--- What you should do ---
Write out the data again exactly, skipping every picture.

--- Dataset content ---
◇ ◇ ◇ ◇ ◇
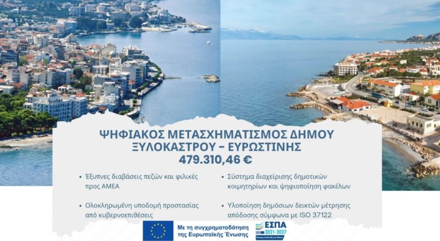 Ο Δήμος Ξυλοκάστρου – Ευρωστίνης κάνει ένα αποφασιστικό βήμα προς τη νέα ψηφιακή εποχή, με την ένταξη της Πράξης «Δράσεις Ψηφιακού Μετασχηματισμού του Δήμου Ξυλοκάστρου – Ευρωστίνης» στο Πρόγραμμα «Ψηφιακός Μετασχηματισμός 2021-2027», συνολικού προϋπολογισμού 479.310,46 ευρώ.
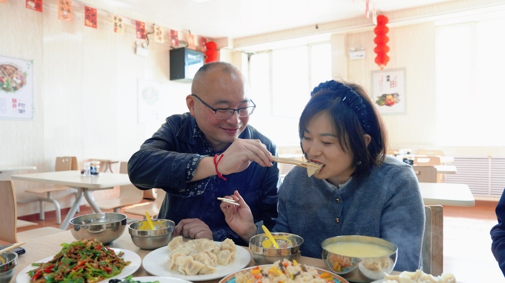 中午,新疆矿业特意安排孔健夫妇在职工餐厅共进午餐。
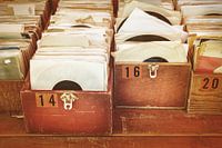 Tweedehands platenspeler elpee's op een antiekmarkt
◇ ◇ ◇ ◇ ◇
--- Written response ---
 Ο Δήμος Ξυλοκάστρου – Ευρωστίνης κάνει ένα αποφασιστικό βήμα προς τη νέα ψηφιακή εποχή, με την ένταξη της Πράξης «Δράσεις Ψηφιακού Μετασχηματισμού του Δήμου Ξυλοκάστρου – Ευρωστίνης» στο Πρόγραμμα «Ψηφιακός Μετασχηματισμός 2021-2027», συνολικού προϋπολογισμού 479.310,46 ευρώ.
 中午,新疆矿业特意安排孔健夫妇在职工餐厅共进午餐。
 Tweedehands platenspeler elpee's op een antiekmarkt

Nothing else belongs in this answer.